Pennsylvania courts don’t have to listen to the US Supreme Court
-DID YOU KNOW?-
By Tara Yilmaz
→ Did you know that Pennsylvania courts don't have to listen to the United States Supreme Court of the United States Constitution?
“The judicial Power of the United States shall be vested in one supreme Court," United States Constitution Article III (3): Section 1
→ Did you know most Americans understand the United States Supreme Court as the highest court in the land? Whether they read the historic Pennsylvania Constitution or not, it's rational for people to expect judges to follow the nine Supreme Court Justices' directions. But the Pennsylvania Supreme Court explained in its 1998 decision in Commonwealth v. Chad Franciscus our state courts aren't bound to those rulings. According to the Franciscus case law, Pennsylvania courts can follow federal rulings but if they choose to they are; “free to reject the conclusion of the U.S. Supreme Court." Instead, Pennsylvania courts are mandated to base their rulings on the logic of the Pennsylvania Supreme Court.
→ Did you know all state judges are sworn to uphold the U.S. Constitution? The judges swore to fulfill an obligation to the Pennsylvania Constitution Article VI (6): Section 3. Franciscus ruling states, “Even where the text of the provisions of the state and federal constitutions are similar or identical, the appellate courts are not bound to interpret them as if they were mirror images." In short, the Pennsylvania Supreme Court instructed its subordinate courts to pay primary attention to the state constitution even when provisions in both documents have the exact privileges and protections. Litigants must therefore raise claims of the Pennsylvania Constitution to become eligible for relief in either state civil or criminal courts.
→ Did you know in 1996, Congress enacted former President Bill Clinton's Antiterrorism and Effective Death Penalty Act (AEDPA) in response to the previous year's Oklahoma City bombing.
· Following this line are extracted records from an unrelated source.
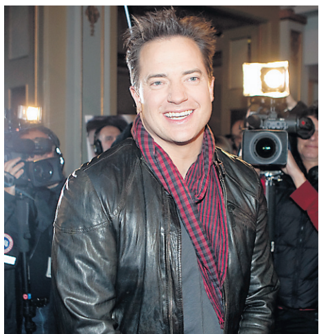
Brendan Fraser, hier à Montréal.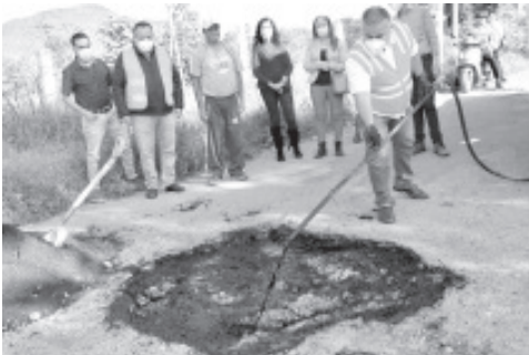
Dignificar el camino a Cofradía de Guadalupe y San José respectivamente, representa un beneficio importante para los tuxpenses que a diario transitan por esta vialidad.

Finalmente los vecinos del lugar agradecieron el apoyo y las atenciones recibidas por el alcalde y su equipo de trabajo, para que se pueda rehabilitar esta importante vialidad en beneficio de todas las familias de la zona.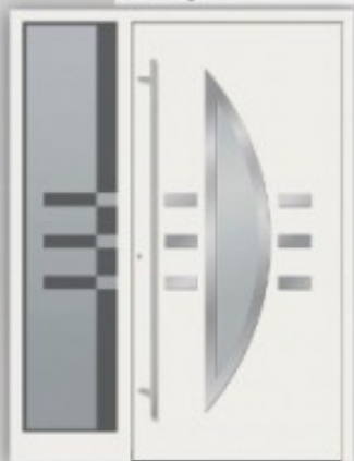
Modell KU 120 | AL 120 Edelstahlapplikationen außen, Innen Glashalterahmen ○ RAL 9016 ○ Glas Satinato ○ Griff EAS 1600 ○ Setelement ST 120, Glas Motivglas Satinato / Klarglas ○ Ausführung Flügelüberdeckend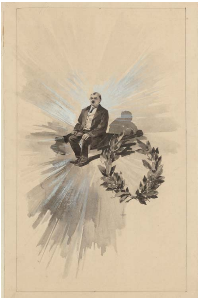
Obr. 2. Ilustrace Viktora Olivy z roku 1889 ke knize Svatopluka Čecha Nový epochální výlet pana Broučka tentokrát do patnáctého století . Vydal František Topič, Praha, 1889. Lavírovaná kresba tuší. KNM, inv. č. ILU 2158.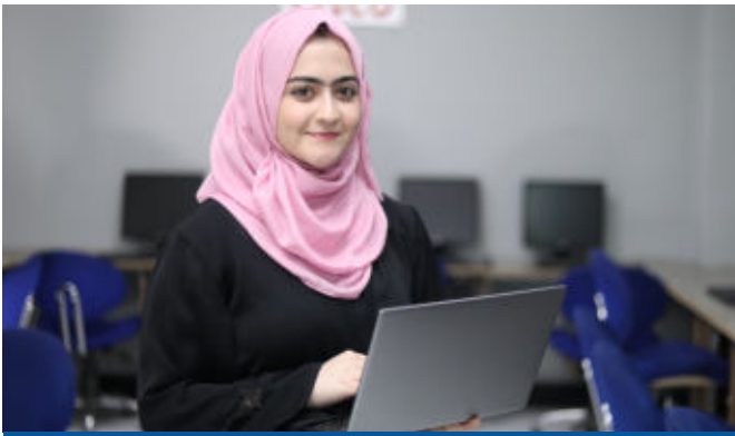
انجمن کمپیوتر ساینس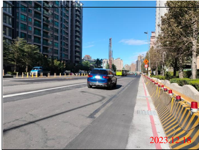
巡查日期地點：112.12.18/ Y23車站 照片說明：路面狀況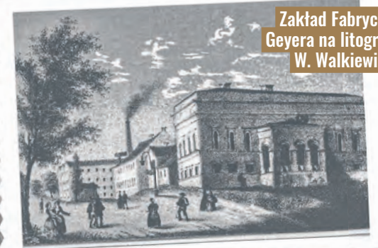
Zakład Fabryczny Geyera na litografii W. Walkiewicza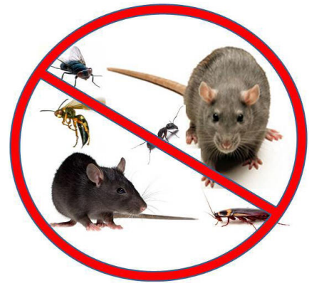
Figure 5 - Plan de lutte antiparasitaire intégrée

Un domaine particulier de préoccupation dans les grands immeubles résidentiels est la présence de parasites. Tout locateur est responsable d'assurer l'entretien de ses logements et de veiller à ce qu'ils soient exempts de parasites.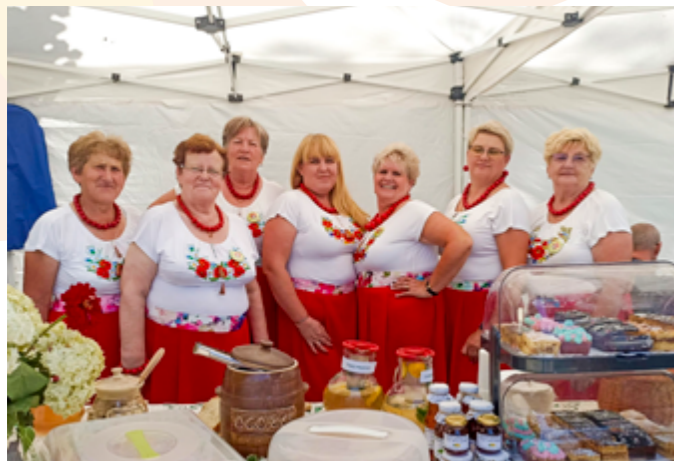
Konkurs Nasze Kulinarne Dziedzictwo Smaki-Regionów, Zamek w Janowcu, 06.08.2023r.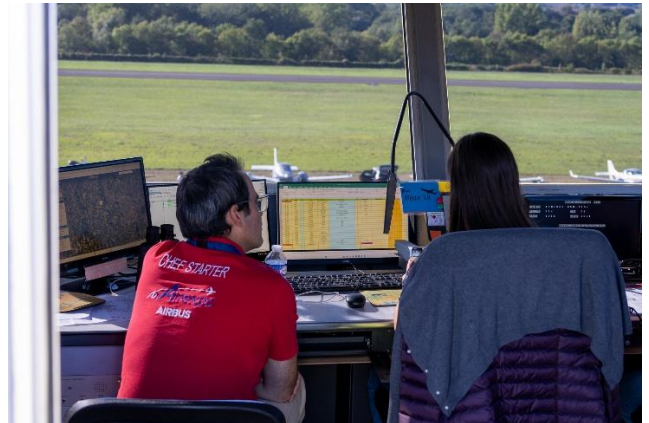
Une tour de contrôle en pleine veille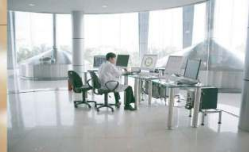
Trung tâm điều khiển Nhà máy. Controlling center of brewery.

As: winter melon, orange juice, cola, passion fruit, energy drink. The most special product is Dai Viet Black Beer in bottle and can which was the first Black Beer produced in Viet Nam. The taste of the Beer is created by the combination of the leading brew masters of Germany and Vietnamese experienced brew masters bringing about the high quality of Dai Viet Beer.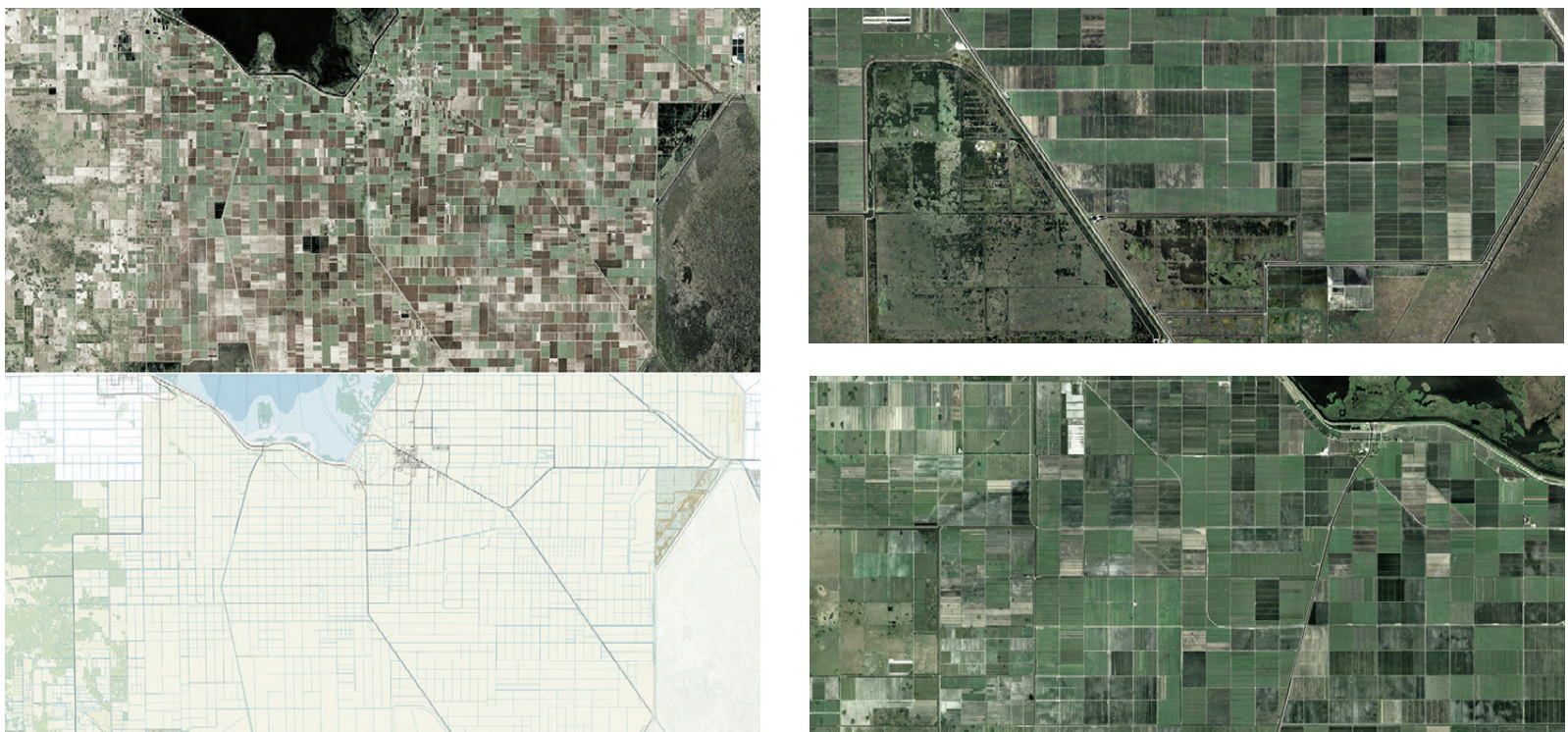
Fig. 10 | Module: EAA, its rural pattern and infrastructural system (credit: C. Brisotto and A. Raffa; sources: UF Geoplan Center-Florida Geographic Data Library e Google Earth, 2023).

The new law was sold as the solution to national cries of prolonged waits for executions in criminal cases. However, that legislation had little ability to deter terrorist attacks or shorten the number of time prisoners spend on death row before they're executed. But the AEDPA did remove most of the power federal courts had to correct bad rulings in state criminal cases which have nothing to do with terrorism or death row. Which is how the Pennsylvania Supreme Court could legally bound state courts to the Constitution of this Commonwealth and not the Constitution of the United States.
Without much federal oversight in appeals, prisoners who would otherwise prove their innocence have difficulty securing relief because of the AEDPA. As a result, justice varies from state to state. In the state of Pennsylvania, justice is defined by each district or even county where a person is accused of a crime. Since the passing of the AEDPA Pennsylvania court decisions have strayed far away from national standards, puzzling litigants who understand those provisions of the United States Constitution because they filed claims in other places.
→ Did you know confusion is highlighted in the case of Terrance Lewis, a Philadelphia teenager who was convicted of second-degree murder? Terrance Lewis was sentenced to life imprisonment in 1999 as a youth. After unsuccessful appeals in state courts, Lewis maintained his innocence and appealed the conviction to Federal Magistrate Judge Berle M. Schiller in 2010. When a hearing concluded, Judge Schiller declared Lewis had proven his innocence but would die behind bars due to lack of jurisdiction to overturn the conviction of Pennsylvania courts. Stunned by that decision, Lewis appealed to the United States Court of Appeal for the Third Circuit (in which Pennsylvania is theoretically under). In 2011, the Circuit Court of three judges upheld Judge Schiller's ruling even though he was innocent of the crime. The United States Supreme Court ultimately denied an appellate review of the case. But Lewis was eventually released from prison in 2019 after the Pennsylvania Supreme Court ruled that defendants sentenced to life imprisonment as juveniles had to receive new sentences.
→ Did you know many of the politicians who were proponents of the AEDPA in the 1990s now admit that it was a failure, including President Joe Biden, who was a senator at the time of passage? Although states have the right to set up their own laws, they must coincide with the United States Constitution. Otherwise, state governments will erroneously believe they are individual countries, a debate settled in 1865 when the U.S. Civil War ended. Resolving the AEDPA will immediately prevent bad judicial decisions because federal courts will once again have the authority to correct rogue courts such as the one that robbed teenage Lewis of two decades of freedom.